“Mail, you two.” Jubal tossed envelopes and small packages to us. Noelle caught hers with one hand. Mine landed in my lap. Something shifted, went sideways and down. I was sucked down with it, down, deep and fast. A spiral, a whirlpool. Blackness closed in. Blood. So much blood. Pain. Pain. I hurtled from the chair, scattering the mail. “No!”

I recoiled on the far side of the room. Bounced off the wall and cowered there. Scrunched against the corner. Slid down in a small heap of terror. Someone was screaming. Whimpering. Moaning. It was me. And I couldn’t stop.

“Tyler?” Jubal’s voice sliced through the agony.

I slapped a hand over my mouth to muffle the sound. And I stared at the packages. Three of them. Blood and pain. Davie.

“Get Evan. Get Bartlock,” I whispered. “Close the store. Quick. Noe, go to the loft. Please. Keep Jane upstairs.
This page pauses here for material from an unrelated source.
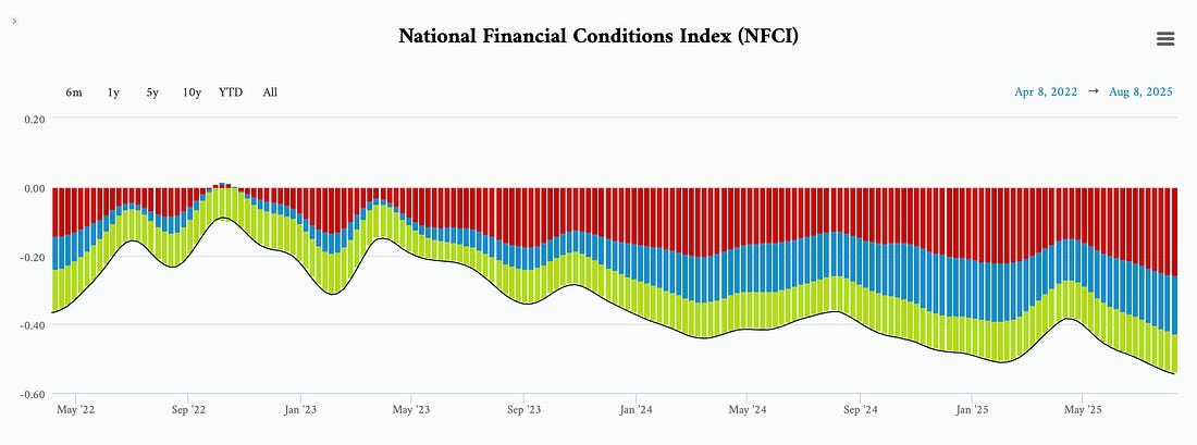 You are a free subscriber to Me and the Money Printer. To upgrade to paid and receive the daily Capital Wave Report - which features our Red-Green market signals, subscribe here. It's Time to Chart Party... (No. 4 is Nuts)I just took a deep breath, counted backwards from ten and I said to the guy, "Excuse me, sir, but your laughter is not helping me right now." And he said, "I'm sorry, I didn't mean to make fun."Good morning: My wife and daughter have taken a trip to visit family in North Carolina… Which means that I am sitting on the couch - for as long as possible - engaging in the nerdiest and most blissful thing there is… Charts. Charts! Charts! Charts!!! So, we’re going to go through A LOT of charts today… And some won’t require too much commentary. We start with the sheer lunacy of our financial markets… Chart 1: This Is What Our Engineers DoAs I’ve said, there are better incentives these days for people to launch ETFs than to build a bridge, start a business, or make anything in this nation. Just raise a pool of capital, buy a bunch of stuff… and then collect an expense ratio. Everyone is doing it. According to Finviz, there are 5,533 publicly traded stocks… And 4,436 ETFs… they’re all repackaging the same stuff or just levering up positions on single stocks or index funds with swaps. And then taking daily fees… Since 2024, there have been more than 1,300 new ETFs. And the ones with the highest inflows… what are they “trading…” Don’t try to make sense of most of the assets in these ETFs, or you’ll get a bloody nose, slam your head into the desk, and you’ll wake up in an ambulance. Chart 2: It Gets WorseNow, you don’t see a lot of leverage in these ETFs above. Which is good news for the sane… until we dig a little deeper. Total assets now in equity exchange-traded products (ETFs and ETNS) just hit $140 billion. And no doubt about it… we got clear evidence of how these tools are being traded (read - front run) out of Washington D.C. Recall, right before Liberation Day was canceled… we saw RECORD volume around the ProShares UltraPro QQQ (NASDAQ: TQQQ), which is a 300% leveraged ETF tracking the Nasdaq 100. I don’t believe in coincidence. Watch these funds… watch the money flows… because big events are happening after the volume spikes. Again, I don’t believe in coincidence… Chart 3: This Has Never Happened BeforeFrom record buying on April 8-9, around the TQQQ (a day after people were warning about another Great Depression), to the monstrous V-shaped recovery that’s happened. Historically, after 20% drawdowns, this is the FASTEST and SHARPEST recovery in history over the timeframe. What is the lesson here? We’ve had multiple sharp drawdowns like this going back to 2008. Every single drawdown… follows the same pattern and offers us the same clues in terms of when it’s time to buy back in… Sharp insider buying activity (CEOs and CFOs have called the bottom of every downturn since the start of QE in 2009). Then, we look for policy accommodation… (on monetary, fiscal, trade, or anything designed to reintroduce stability and confidence. Sometimes, it’s subtle… so watch the insiders.) Follow the 1% pattern that I’ve laid out… Chart 4: Overvalued… YOU’RE OVERVALUED…Right now, of Money Managers (according to Bank of America) believe that stocks are overvalued. Who are the 9% who disagree? I want to hang out with these guys… Because they might understand that it’s really a measurement of leverage and liquidity that continues to drive the S&P 500 higher. And… are they like me, where they look down to the Russell 2000 and see dozens of energy stocks (upstream) trading for less than their book value… or the hundreds of banks trading for less than their tangible book value… That incentives… easing… and massive gobs of liquidity are domestically forcing equities higher - and managers are crowding the S&P 500 because they’re tracking their benchmark… And before you tell me that we’re not easing right now in the financial markets… Chart 5: Ahead of Jackson HoleHere’s your measurement on economic conditions in the United States… Believe it or not… we’re effectively running the loosest financial conditions in the post-COVID era… Gee… “How can stocks be at all-time highs?” the pundits ask… Because if you turn the Chicago Financial Conditions Index upside down, it’s just an inverse reflection of the S&P 500 since COVID. See all that red? That’s risk expanding… See all that blue? That’s credit expanding… See all that green? That’s leverage expanding… The market is supposed to predict growth over the next six to 12 months. But it doesn’t seem to do this now... It’s reacting to liquidity flows in real time. Since 2020, stock prices have stopped caring about silly things like "profits" or "growth." Here’s what moves markets now:
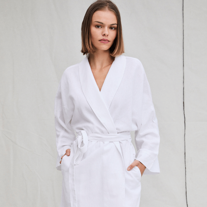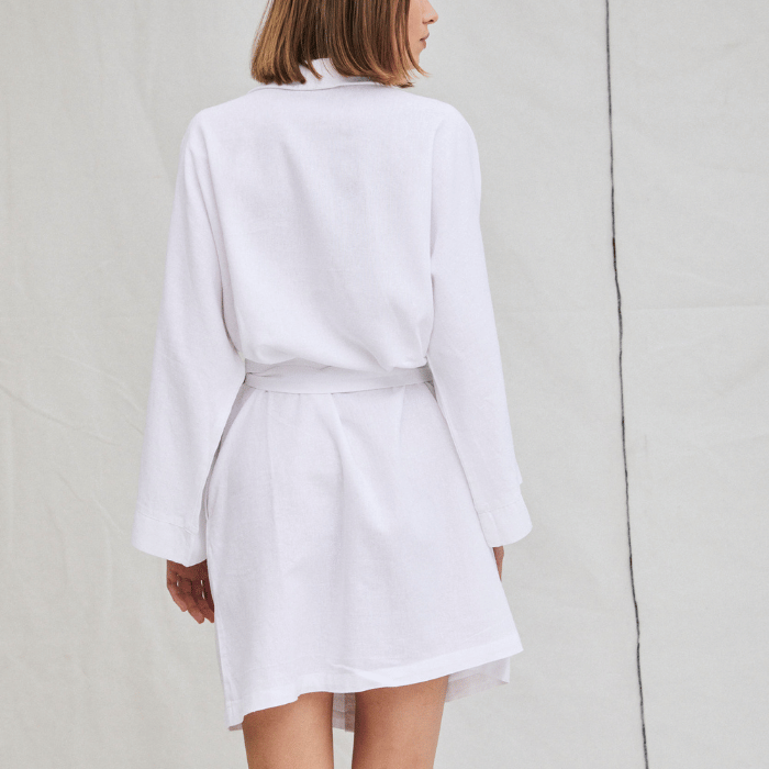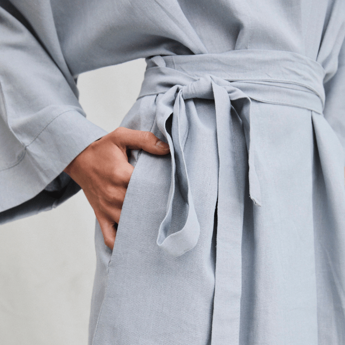 Bata de lino cómoda y protectora de nuestra piel, es ideal para acompañar nuestros momentos de descanso, su diseño temporal tiene un corte de manga amplia, cinturón ajustable, la convierte en una prenda perfecta para usar en casa en el spa o incluso como sobre prenda en el verano, después de un baño de mar, las propiedades de lino, además de ser ecológico, aporta frescura y textura única que mejora con cada lavado.

Don’t let her back down.” With a sudden jab, the headache was there, just over my left eye. It rammed at me, a pickax of pain. I rocked back my head, eyes closed against the shrill ache and the sight of the boxes on the floor.

I didn’t hear their responses, was aware only vaguely of movement. When I opened my eyes, all I could see was the packages, still scattered on the shop floor. I couldn’t look away. I could only stare at the packets as tears ran down my face. Davie. Oh, God. Davie. Finally my moans went silent. And then I heard only the sound of my breathing.

I don’t know how long it took Evan to get there, but he was huffing for breath when he arrived, coat lapels undone and flapping. He knelt in front of me, his hands cold on my face from an outside run. “What is it?” he asked me.

I focused on his eyes. Green, gentle. With odd-colored flecks in the irises, like the brown of old wood. “They cut Davie.” I was whispering, tears a solid rain down my cheeks. “They sent me pieces of him.”